Unemployed People’s Movement Press Statement
The Unemployed People’s Movement will not be Participating
in the So-Called ‘People’s Space’ at the BRICS Meeting in Durban
The Unemployed People’s Movement will not be participating
in the so-called ‘People’s Space’ at the BRICS meeting in Durban.
Our Umlazi branch received a phone call recently informing
us that buses were being provided for us to send our members to the so-called
‘People’s Space’ at the Centre for Civil Society at UKZN. We were instructed to
mobilise to fill the buses.
We made it clear that we will not be participating in this
space. We were given no role in the process leading up to the BRICS meeting and
we have been given no role in planning the so-called ‘People’s Space’ or in its
management.
The experience of grassroots movements at the so-called
‘People’s Space’ at the COP17 meeting in Durban, also hosted by the Centre for
Civil Society, was terrible. We were not given any role in the planning of that
space. We were just bused in. We were given inferior accommodation and food. We
found that our role was just to sit and listen to overseas experts talking to
us. There was a protest by the movements against the organisers of that
meeting. They responded by buying us fried chicken but did not take our
concerns seriously and discuss a better way forward for the future. This was
one more insult.
This was not the first time that movements have been
expressing their concerns about these NGO organised meetings. Movements have
been raising concerns about these meetings for many years but we have either
been ignored or criminalised by the NGOs and academics. We are highly aware
that when grassroots movements walked out of the Social Movements Indaba
meeting, also held by the Centre for Civil Society, at UKZN in 2006 they were
called ‘criminals’ in the media and have been attacked by the NGOs and
academics ever since. We are prepared for the same treatment.
In the days of the WSSD in Johannesburg grassroots movements
had lots of supporters but were organisationally weak. All that the NGOs had to
do to secure popular support was to provide buses and hand out T-shirts for
movements like the Landless People’s Movement. But Movements are much stronger
now in organisational terms and those days are gone.
These so-called ‘People’s Spaces’ are really NGO and
academic spaces where the role of grassroots activists is just to be bussed in
to listen to experts in exchange for a few crumbs for the movement leaders. The
reason that we condemn this is that we subscribe to Black Consciousness. The
Black Consciousness movement emerged in 1968 when black students walked out of
a NUSAS meeting in Grahamstown because whites were doing all the thinking and
talking while blacks were playing a passive role. Today the situation is just
as bad or even worse in these so-called ‘People’s Spaces’. Therefore today we
continue to walk out of spaces where we are disrespected and are only being
bussed in to legitimate other people’s agendas.

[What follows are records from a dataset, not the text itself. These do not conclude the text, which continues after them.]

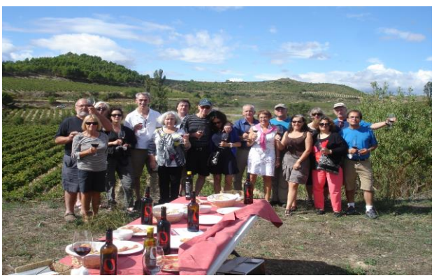
Doctors-on-Tour - Spain
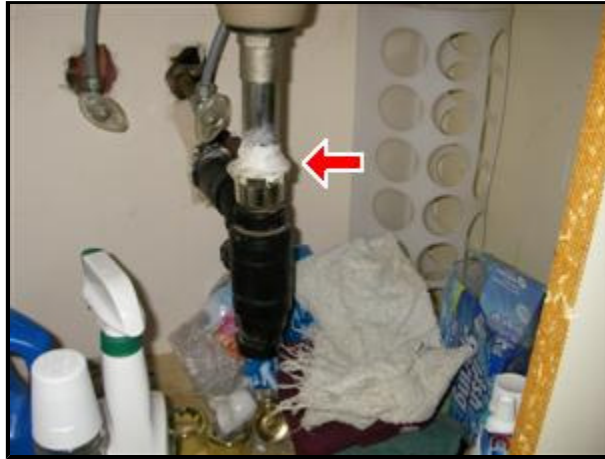
4.1 Picture 1

4.2 The use of plastic venting systems on gas fired water heaters has been amended. CSA B149.1 Natural Gas and Propane Installation Code was amended to require all plastic venting materials to be certified to the ULC S636 standard. Venting upgrades will be required at time of hot water exhaust repair or hot water tank upgrade. Up-grading venting may cause damage to finished ceiling surfaces between furnace utility room and exterior wall of house.
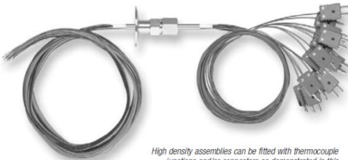
High density assemblies can be fitted with thermocouple junctions and/or connectors as demonstrated in this assembly for the pharmaceutical industry.
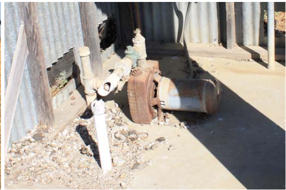
Abandoned electrical panel and water well near the barn
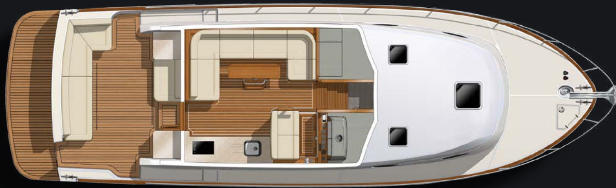
UPPER GALLEY TRIPLE SINGLES
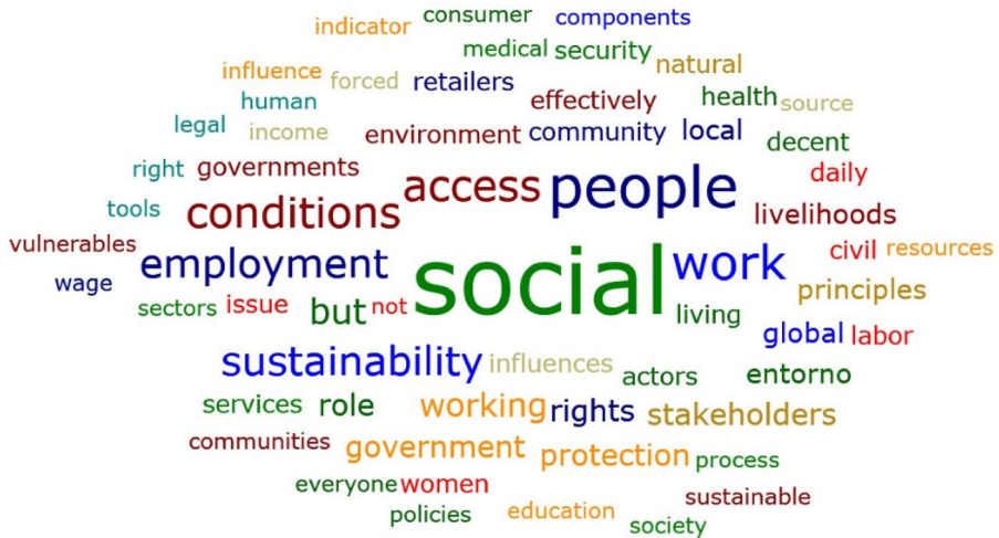
Fig. 1 Cloud of words based on the interviewees' language

Once having set the codes and categories, a series of networks connecting them were necessary to understand the data. Finally, the analysis concludes with the exhibition of results in Sect. 4 through an extensive narrative (Johnson 2015). As the software provides the option of “memos”, they were used to make relevant and important annotations for the analysis of the data.
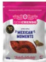
Don Chendo Mexican Moments 10/80g CASE CODE: DON050
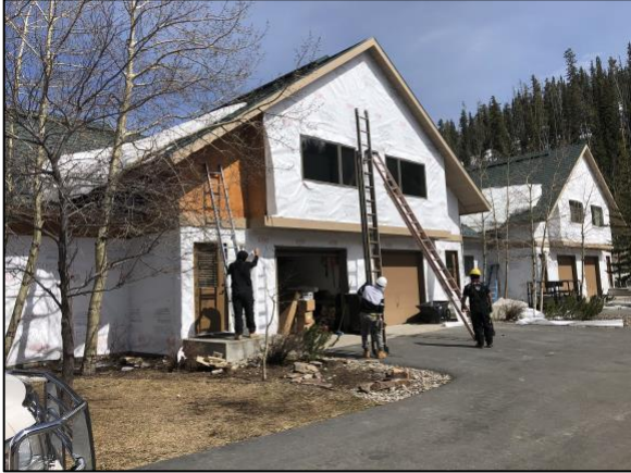
Bldg E3 Tyvek in Progress South Side
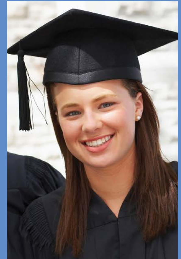
Making College Affordable
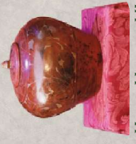
KING HENRY VI
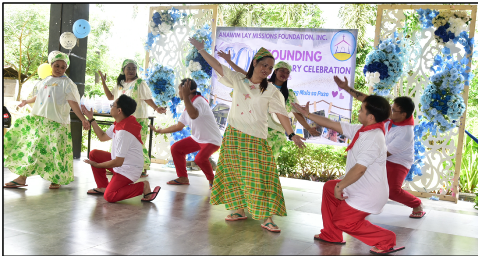
Tiklos Folk Dance, presented by selected staff, symbol of our service cooperation.

We start with a dance that mirrors our bayanihan culture, so valuable for us Filipinos and particularly, our Anawim Family.
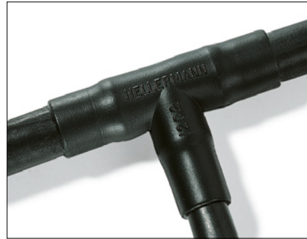
1202-1-G recovered onto a cable harness.
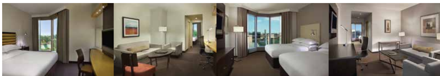
Standard Suite (King or Double) Bedroom and Living Room
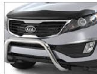
Hood deflector and push bars

Kia Genuine Parts and Accessories are engineered by Kia and installed by professionals at your Kia dealer. For more information on the full line of available Genuine Kia Parts and Accessories, see your local Kia dealer, visit www.kia.ca or call 1-877-542-2886.
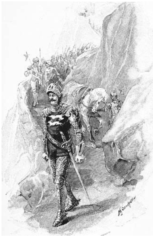
"SIR WATTY CAME STALKING DOWN."

At last Sir Watty came stalking down the broken, winding path, with his chestnut stallion led prancing from rock to rock at his heels. Behind him came a score of men-at-arms, and then still other horses at halter.
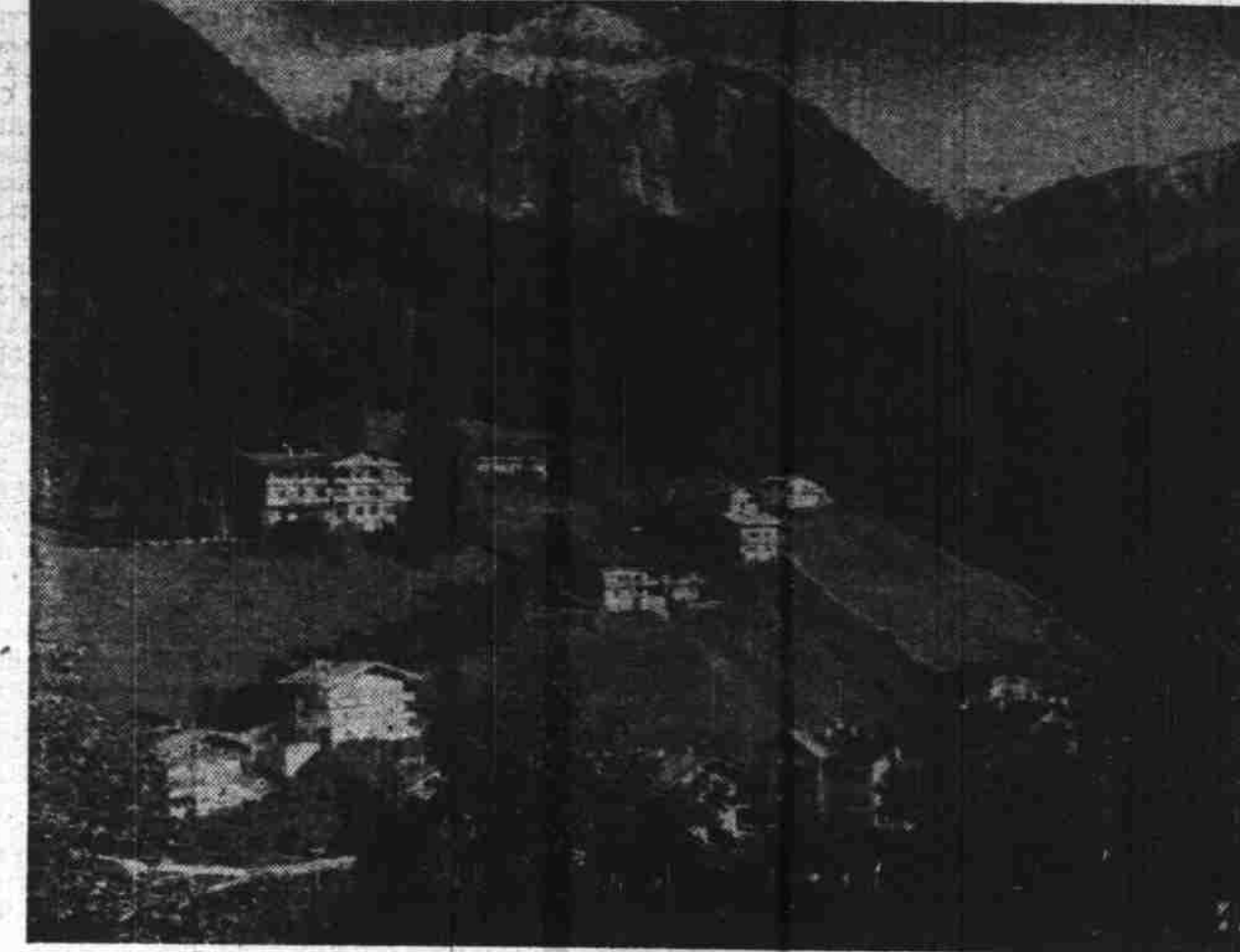
BERCHTESGADEN VILLAS-Mountain villas nestle against the slope at the edge of the town of Berchtesgaden, in southern Germany, near Hitler's Berghof hideaway.

Also, we experience these so called ‘reality tours’ as if we
are being treated as animals in a zoo. We have made it clear that we will not
be collaborating with so-called ‘reality tours’ in our communities. We insisted
that a tour scheduled to take place in Umlazi today be cancelled.
The NGOs and donors are trying to control and commercialise
our struggles at these international meetings. If they want to work with us in
the future they will need to do so on a respectful and fully democratic basis.
We want partnership and not domination and exploitation.
We discussed our position on this matter at the Democratic
Left Front national steering committee meeting in Johannesburg last week.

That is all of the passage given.